Hay una primera vez para todo, y si eres nuevo en la elaboración de presupuestos, no te preocupes: nunca es demasiado tarde para empezar. Tus finanzas te lo agradecerán. Un presupuesto bien estructurado te ayudará a conocer mejor tu dinero, reducir la ansiedad financiera y evitar ignorar tus cuentas. Dedica tiempo a analizar tus finanzas con un asesor, un compañero o simplemente con una hoja de cálculo confiable.
Reservar tiempo para tus finanzas no tiene que ser aburrido ni aterrador. Enciende unas velas, toma un refrigerio, respira profundo y vuélvelo un acto de cuidado personal. Cambiar tu enfoque hará que presupuestar sea una rutina placentera. Aquí van consejos de expertas que te convertirán en un profesional del presupuesto en poco tiempo.
1. Manténlo simple
Al crear tu primer presupuesto, opta por la simplicidad para evitar abrumarte y facilitar su mantenimiento.
"Muchas personas creen que necesitan presupuestos complicados con hojas de cálculo elaboradas, pero no es así", explica Tonya Rapley, experta en finanzas para millennials y fundadora de My Fab Finance. Recomienda listar tus gastos del último mes, cargos anuales o trimestrales, y restar tus ingresos. Así verás cuánto ahorras versus gastas, e identificarás áreas para recortar.
Una estructura sencilla como el presupuesto 50/30/20 es ideal, según Colleen McCreary, directora de personal y defensora financiera de Credit Karma. Divide en: 50% necesidades, 30% deseos y 20% ahorros o deudas. "Ajusta los porcentajes a tu estilo de vida; debe funcionar para ti", añade. Usa apps de presupuestos para un seguimiento aún más fácil.
2. Basado en tus ingresos
Adapta el presupuesto a tu periodicidad de ingresos: semanal si cobras así, mensual si es tu caso, sugiere Rapley.
Prueba formatos hasta hallar el ideal para tu vida y metas financieras.

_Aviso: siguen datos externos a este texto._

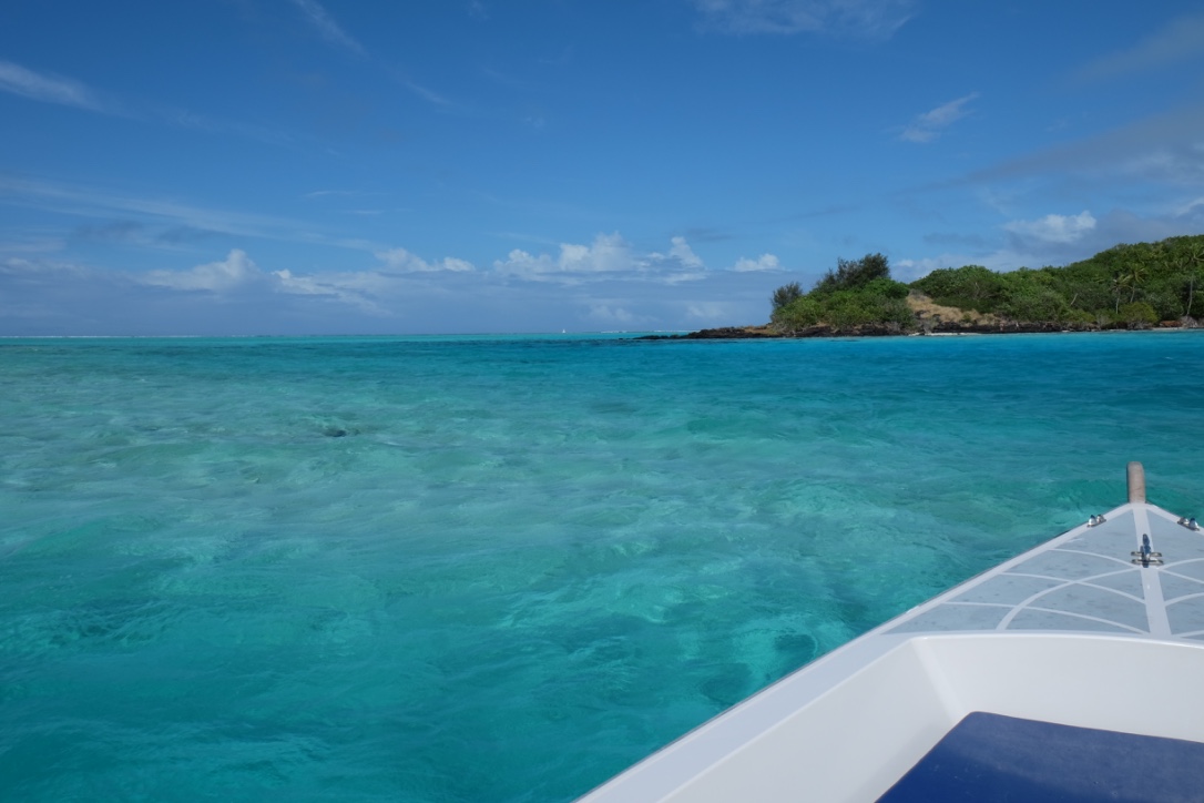 Am Morgen danach stehen wir wieder recht früh auf. Um acht Uhr werden wir am blauen Bungalow zur Lagunenfahrt mit angekündigtem Rochen- und Hai-watching und Korallenschnorcheln abgeholt. Die Fahrt kostet 6000 CPF pro Nase und wird neben Gérard auch von den Autoren von Lonely Planet und Dumont wärmstens empfohlen. Schaumermol!
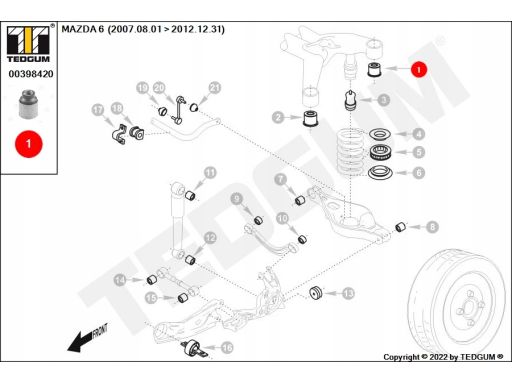 SILENTBLOCK BELKI ZAWIESZENIA TYŁ (Z TYŁU) L/P PASUJE DO: MAZDA 6 1.8-2.2D 08.07-07.13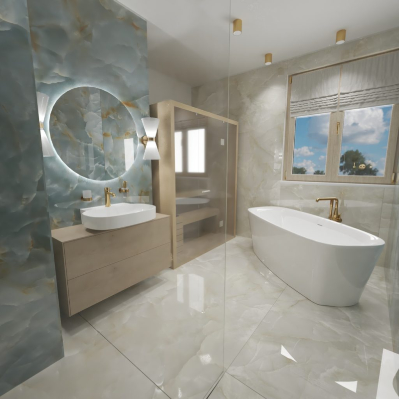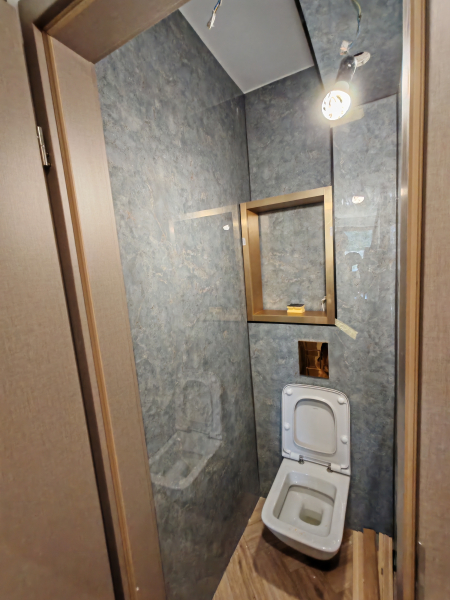 Fürdőszobában walkin zuhanyfal (Hüppe), falsík alatti szerelvények (Grohe termosztátos), falsík alatti wc tartály, mosdószekrény.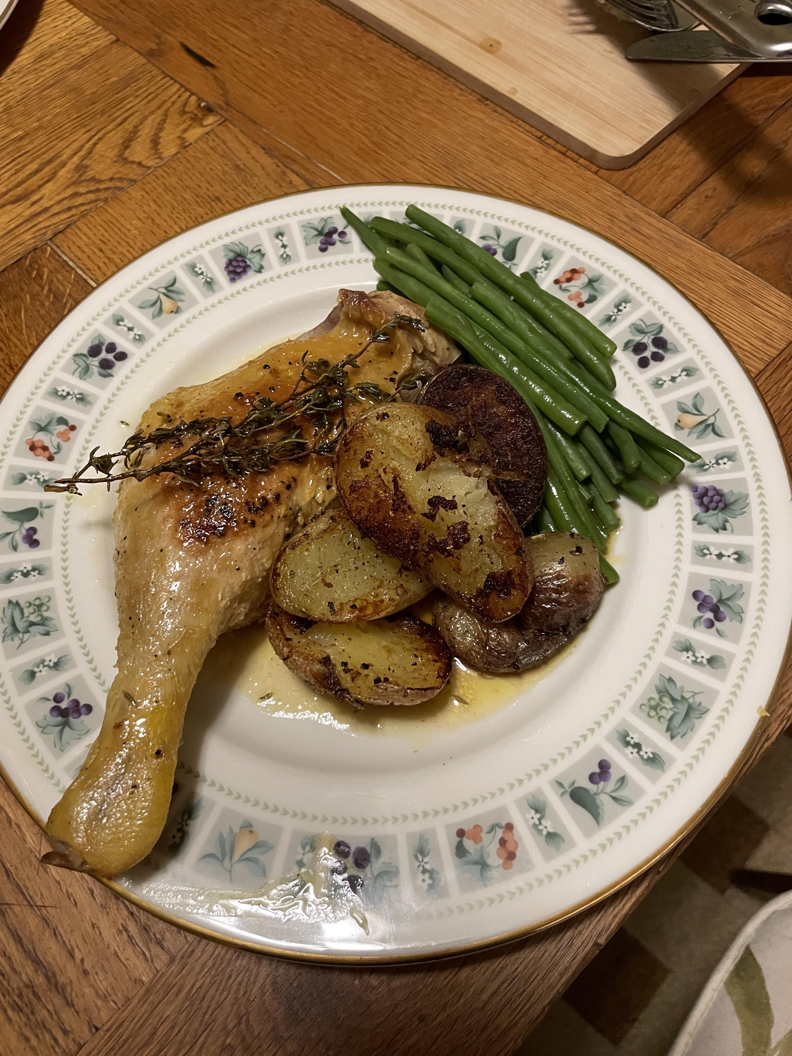 Cuisses de canard poêlées à l'orange, au thym et au miel, pommes de terre rôties à la graisse de canard et haricots verts. La prochaine fois, je rôtirai le canard pour faire fondre davantage de graisse de la peau.by Exciting_Ad_9933 Bonne BouffeCuisine d'ici et d'ailleursWrite A CommentYou must be logged in to post a comment.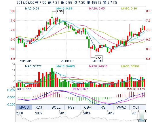今開: 7.00 成交量: 4.99萬(wan) 手 振幅: 3.14% 最高: 7.21 成交額: 3566.62萬(wan) 元 換手率: 1.82% 最低: 6.99 總市值: 20.52億(yi) 市淨率: 3.26 昨收: 7.01 流通市值: ...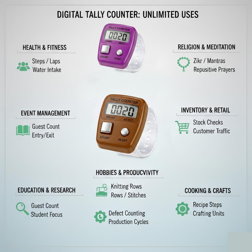 Multi-Purpose Use: Beyond religious practices, this digital tally counter can also be used for various counting tasks in daily life, such as tracking inventory, attendance, or any other numerical activities.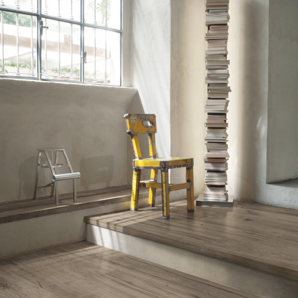 Si declina in 6 colori effetto legno e in 2 classici formati da parquet: 26,5x180 e 16x100 anche 9mm.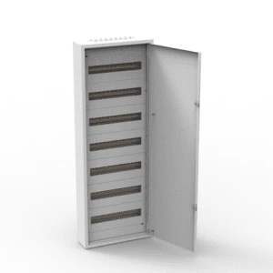 Wyposażona w siedem rzędów szyn DIN z możliwością instalacji 18 modułów na jednej szynie. Dno rozdzielnicy idealnie dopasowuje się do ściany.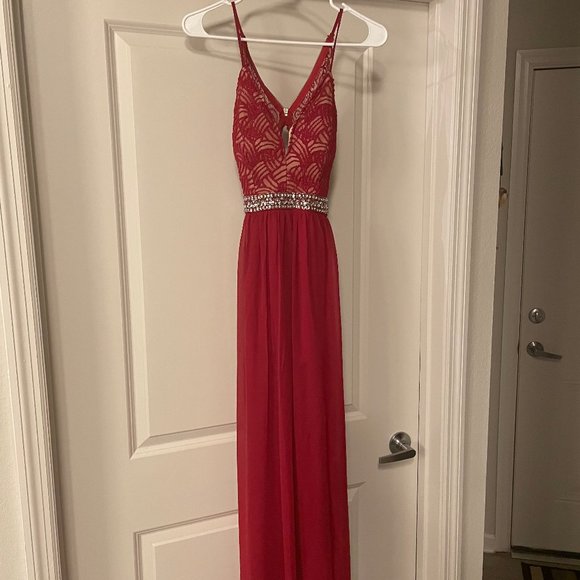 Red Rhinestone Dress size XS long in length for Prom or Wedding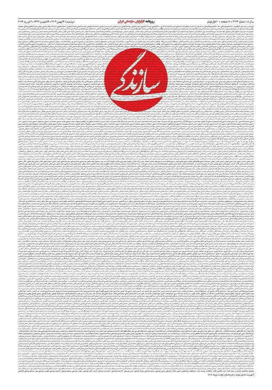 به گزارش شهدای ایران: صفحه نخست روزنامه اصلاح طلب سازندگی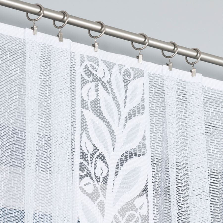 Njena največja dekoracija je visok, navpičen vzorec listov v kombinaciji z nežnimi cvetličnimi poudarki in globokim podrezom, ki ustvarja elegantno linijo na dnu. Bela žakard tkanina z ažurnim tkanjem lepo prepušča svetlobo, ne da bi pri tem ogrozila zasebnost.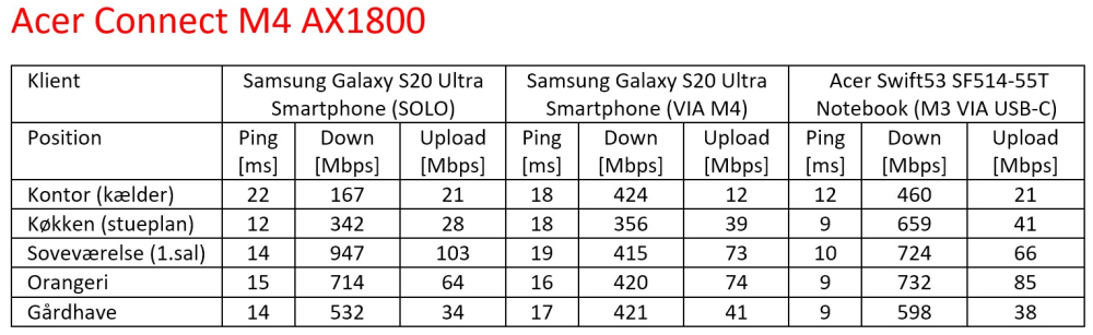 Jeg har haft routeren placeret forskellige steder i huset og haven i op til en meters afstand til to af mine sædvanlige, opkoblede klienter – trådløst til en Samsung Galaxy S20 Ultra-smartphone og USB-C-kablet til en Acer Swift-laptop.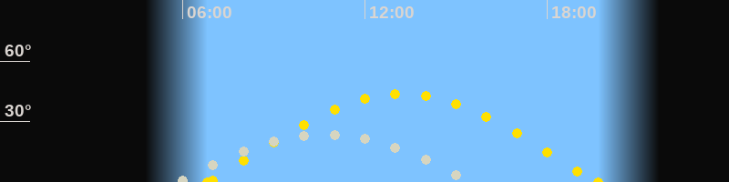 | Höchster Sonnenstand (Kulmination) | 13:14 Uhr (h = 43.8°) |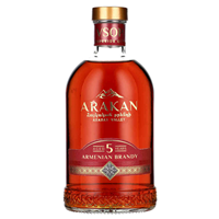 ARAKAN VSOP 5YO BRANDY Arakan to jedna ze świetnych brandy w portfolio Proshyan Brandy Factory. Jej nazwa z ormiańskiego oznacza „Mężczyznę”. Wersja VSOP tworzona jest w regionie Ararat z destylatów komponowanych z odmiany winogron Kangun, które leżakują co najmniej 5 lat w klasycznym dębie. W barwie bursztynowo-złota, na podniebieniu harmonijna, pełna akcentów moreli, wanilii, korzennych przypraw i dębu.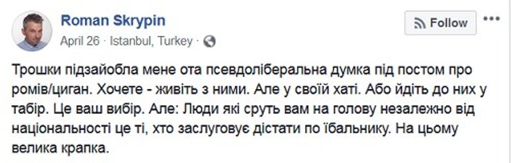 Помимо религиозной темы, общественный резонанс приобретают и конфликты на национальной почве. Так, весной нынешнего года ультранационалистическая организация С14 совершила нападение на лагерь ромов в Голосеевском парке, спровоцировав острую дискуссию в социальных сетях. Среди тех, кто позволил себе неоднозначные высказывания, отметился и журналист Роман Скрыпин.

Observa tu frecuencia de gastos. "Si usas la tarjeta diariamente, un presupuesto semanal te ayudará a controlarlos", dice McCreary. Abre una cuenta corriente separada para gastos: deposita según tu plan y monitorea lo que gastas o ahorras.
3. Evita tentaciones de gasto
Una vez creado, cúmplelo. Evita situaciones de gasto previsible, como cenas con amigos; opta por cocinar o actividades caseras. "No pagues por lo que puedes hacer tú hasta poder permitirlo", aconseja Rapley.
Reserva días sin gastar: cocina en casa o busca opciones gratuitas. "Te sorprenderá cuánto suman las compras pequeñas; ahorrarás mucho", indica McCreary.
Revisa cada pocas semanas, establece metas realistas y evita rigidez extrema que lleve a compras impulsivas.
4. Establece metas y adáptalo a ellas
Define objetivos como pagar deudas, comprar casa o jubilarte, y moldea tu presupuesto en torno a ellos. "Es una guía para metas específicas", dice McCreary.
Para mantener el ritmo, usa herramientas flexibles como Affirm, que permite pagos a plazos sin cargos por retraso en comercios como Target o Walmart.
El presupuesto revela hábitos, te prepara para imprevistos y te da control real. Prueba métodos hasta encontrar el tuyo: no busca perfección, sino que funcione para ti.